Unnamed: 0,Gene_name,R1_T36_1,R1_T36_2,R1_T36_3,R1_Ctl_1,R1_Ctl_2,R1_Ctl_3
0,APR1,2720,4142,6205,13641,14974,12729
1,SEP7,1175,689,768,189,183,388
2,AAF1,719,677,455,263,301,293
3,AAH1,148,418,290,150,166,588
4,AAP1,75,60,103,99,139,78


## Calculation of Mathematical Descriptors

In [2]:

# Define functions for calculating descriptors
def gini_index(values):
    sorted_values = np.sort(values)
    n = len(values)
    cumulative = np.cumsum(sorted_values) / np.sum(sorted_values)
    return 1 - 2 * np.sum((n - np.arange(1, n + 1)) * cumulative) / n

def shannon_entropy(values):
    probabilities = values / np.sum(values)
    return -np.sum(probabilities * np.log(probabilities + 1e-10))  # Add small constant to avoid log(0)

def autocorrelation(values, lag=1):
    n = len(values)
    mean = np.mean(values)
    numerator = np.sum((values[:n-lag] - mean) * (values[lag:] - mean))
    denominator = np.sum((values - mean) ** 2)
    return numerator / denominator if denominator != 0 else np.nan

# Calculate metrics
results = pd.DataFrame({
    'Gene': data['Gene_name'],
    'Mean': expression_data.mean(axis=1),
    'SD': expression_data.std(axis=1),
    'CV': expression_data.std(axis=1) / expression_data.mean(axis=1),
    'Skewness': expression_data.apply(skew, axis=1),
    'Kurtosis': expression_data.apply(kurtosis, axis=1),
    'Range': expression_data.max(axis=1) - expression_data.min(axis=1),
    'Gini_Index': expression_data.apply(gini_index, axis=1),
    'Shannon_Entropy': expression_data.apply(shannon_entropy, axis=1),
    'Signal_to_Noise_Ratio': expression_data.mean(axis=1) / expression_data.std(axis=1),
    'Peakness_Index': expression_data.max(axis=1) / expression_data.mean(axis=1)
})


  cumulative = np.cumsum(sorted_values) / np.sum(sorted_values)


## Multilag Autocorrelation Analysis

In [3]:

# Define function for multilag autocorrelation
def autocorrelation_multiple_lags(values, max_lag=5):
    autocorrs = {}
    for lag in range(1, max_lag + 1):
        n = len(values)
        mean = np.mean(values)
        numerator = np.sum((values[:n-lag] - mean) * (values[lag:] - mean))
        denominator = np.sum((values - mean) ** 2)
        autocorrs[f'Autocorrelation_Lag_{lag}'] = numerator / denominator if denominator != 0 else np.nan
    return autocorrs

# Calculate autocorrelation for lags 1 through 5
autocorr_df = expression_data.apply(lambda x: autocorrelation_multiple_lags(x.values), axis=1)
autocorr_df = pd.DataFrame(autocorr_df.tolist(), index=expression_data.index)

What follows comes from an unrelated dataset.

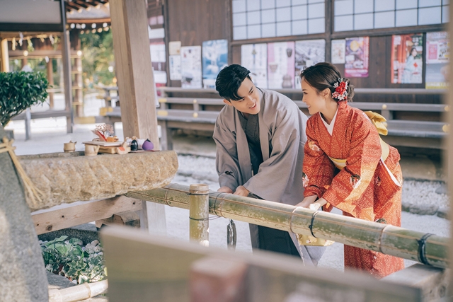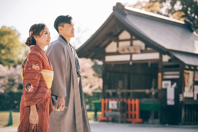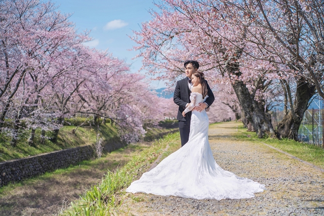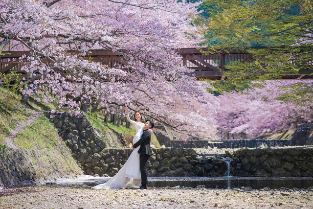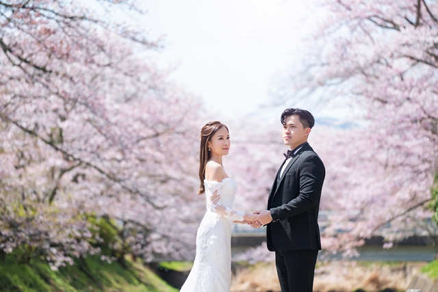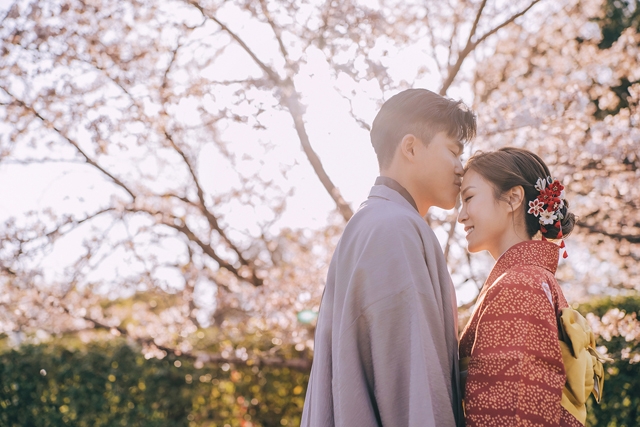 二人亦有穿上傳統日本和服於櫻花樹下拍攝婚照,場面Sweet爆!

# Add autocorrelation results to the main results table
results = pd.concat([results, autocorr_df], axis=1)

# Display the updated dataset
results.head()


Unnamed: 0,Gene,Mean,SD,CV,Skewness,Kurtosis,Range,Gini_Index,Shannon_Entropy,Signal_to_Noise_Ratio,Peakness_Index,Autocorrelation_Lag_1,Autocorrelation_Lag_2,Autocorrelation_Lag_3,Autocorrelation_Lag_4,Autocorrelation_Lag_5
0,APR1,9068.5,5328.328697,0.587565,-0.069968,-1.775191,12254,-0.049285,1.635186,1.701941,1.65121,0.569964,-0.031843,-0.483277,-0.391141,-0.163704
1,SEP7,565.333333,386.604018,0.683851,0.462802,-1.039394,992,0.037146,1.593736,1.462306,2.07842,0.315629,0.088677,-0.418378,-0.341257,-0.144671
2,AAF1,451.333333,202.841482,0.449427,0.436358,-1.56475,456,-0.319916,1.70962,2.225054,1.593058,0.547609,-0.05955,-0.41277,-0.369281,-0.206008
3,AAH1,293.333333,179.031468,0.610335,0.742366,-0.9181,440,-0.137121,1.645578,1.638446,2.004545,-0.232906,-0.369369,0.024801,0.344693,-0.267219
4,AAP1,92.333333,27.883089,0.301983,0.618357,-0.62441,79,-0.515042,1.754924,3.311446,1.505415,-0.018293,0.000457,-0.457211,-0.088864,0.063911



# Conclusions

- The calculated descriptors provide insights into the variability, symmetry, and diversity of gene expression.
- Multilag autocorrelation reveals stability and trends in expression values across samples.
- These analyses can guide further investigation into gene regulatory mechanisms.

The full table of results includes all descriptors and autocorrelations for lags 1 through 5.